Авруцкий покачал головой.
– К сожалению, нет. А вдруг все происходящее – это совпадения?
– Послушайте, Игорь Михайлович, – решительно начал я. – Невооруженным глазом видно, что вы сочувствуете девочке, – так давайте поможем ей. Вы расскажете все, что знаете о Лещиновых и о Тане, а мы попробуем поймать террориста и тем самым отведем от нее все подозрения. Многие в России пострадали от террора. Мне не передать, что творилось в Петербурге – убийства и взрывы! – так что даже император Николай Александрович во время смуты уехал с семьей из Зимнего в Царское Село. У Петра Аркадьевича Столыпина во время теракта на даче ранило трехлетнего сына, а дочка на всю жизнь осталась хромоножкой. Давайте сделаем так, чтобы опасный террорист болтался на виселице и Танечке некого было бояться!
Авруцкий бросил недокуренную папиросу в пепельницу с драконом и обхватил рельефный лоб левой рукой.
– Ненавижу, – выдавил он. – Ненавижу их!.. Хорошо, я расскажу: эти ироды убили половину моей души.

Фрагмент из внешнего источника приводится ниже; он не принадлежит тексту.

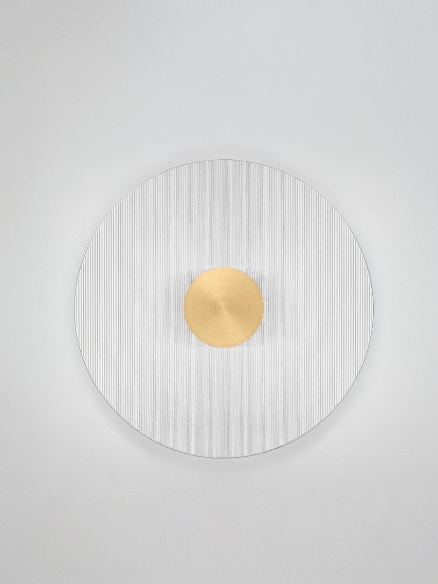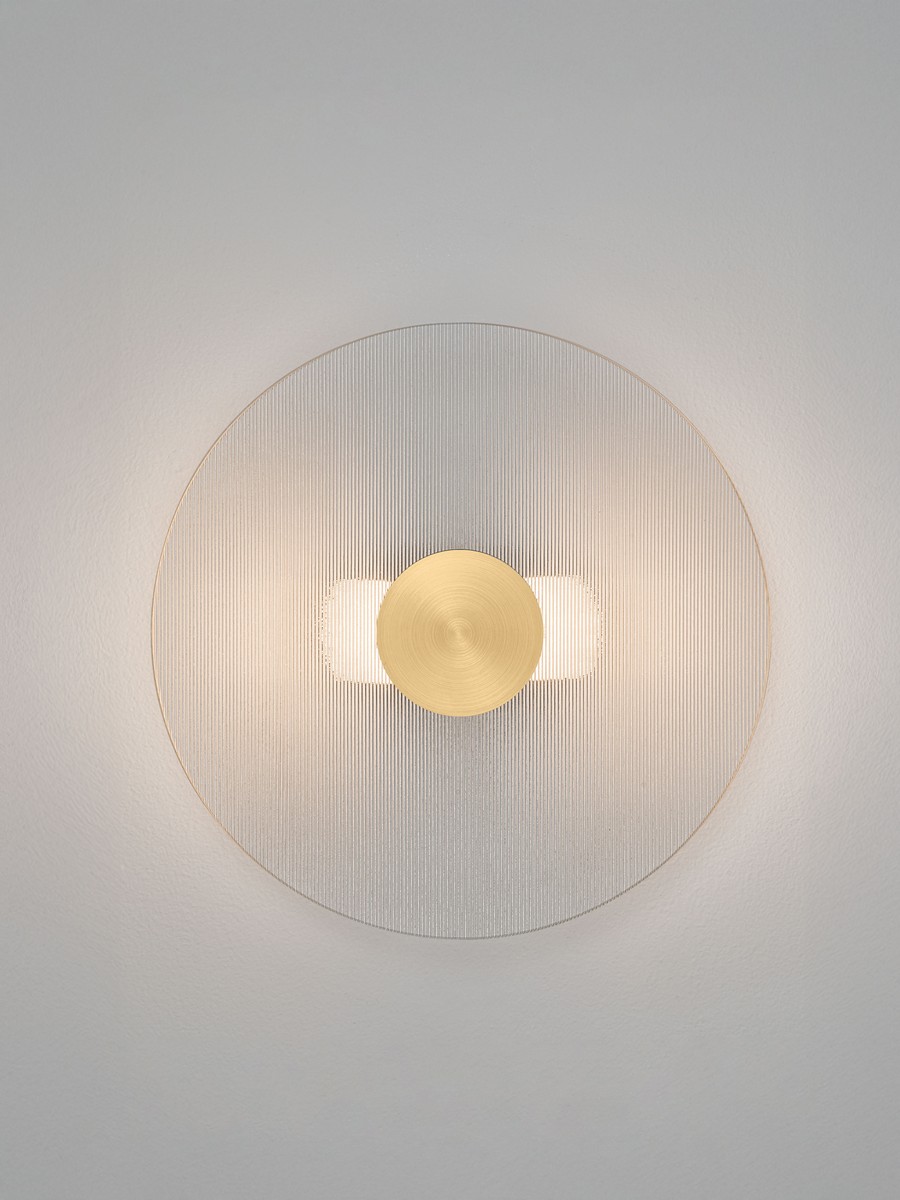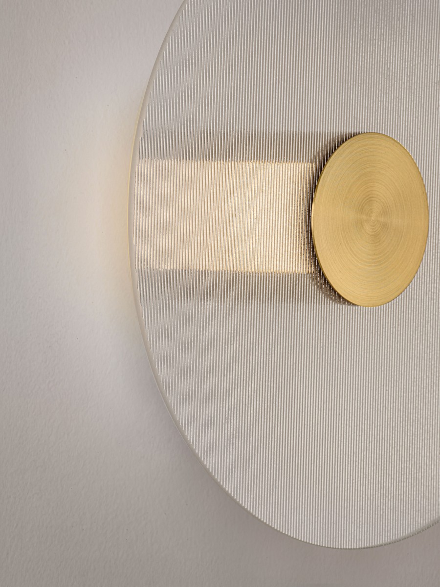 Kinkiet Tacoro o zwiększonej średnicy 30 cm od marki Nova Luce to propozycja, która doskonale łączy biżuteryjny urok z minimalistyczną lekkością. Konstrukcja oprawy opiera się na okrągłej, transparentnej tarczy z ryflowanego szkła, na której tle wyeksponowano centralny element maskujący. Ten gładki, metalowy detal wykończony w szlachetnym, mosiężnym złocie przyciąga wzrok i nadaje całości niezwykle wyrafinowany, elegancki wyraz.

Игорь Михайлович откинулся на спинку стула и начал свою исповедь.
– Итак: меня выгнали из Томска, а здесь я встретился с Сережей Лещиновым, моим хорошим приятелем. Дело в том, что даже в крупных городах есть определенные круги, общество, в котором вращаешься. Лещинов к этому времени уже обзавелся семьей, и у него родились две чудесные девочки-близняшки. Тут я познакомился с его женой Анастасией Николаевной. Поначалу мы редко с ней встречались – она была занята маленькими дочками, но прошли годы, и однажды Сергей предложил нам компанией съездить в Столбы на лошадях. Столбы – яркая местная достопримечательность, которой гордятся все красноярцы: это восточные отроги Саянских гор, поросшие пихтовыми лесами. Кроме целебного воздуха там много потрясающих видов природы и, конечно, всякого дикого зверья. Мне попалась очень норовистая лошадка, поэтому моя иноходь была предметом шуток в течение всего путешествия, и тогда я заметил, как красиво и заразительно смеется Анастасия Николаевна. С этих пор я старался почаще встречаться с нею, и, надо сказать, Сережа никогда мне в этом не препятствовал; напротив – был рад, что мы так подружились. Да и девочки меня любили…
Но однажды наступил момент, когда я понял, что попросту влюбился в жену своего близкого друга. Возможно, вы невольно подумали, что я оказался волком в овчарне, но я не собирался предавать нашу дружбу. Первое время мне удавалось избегать приглашений в дом Лещиновых, но затем Сергей стал обижаться. Кроме того, Анастасия Николаевна прекрасно играла на рояле, и уже стало традицией приглашать меня на все ее выступления.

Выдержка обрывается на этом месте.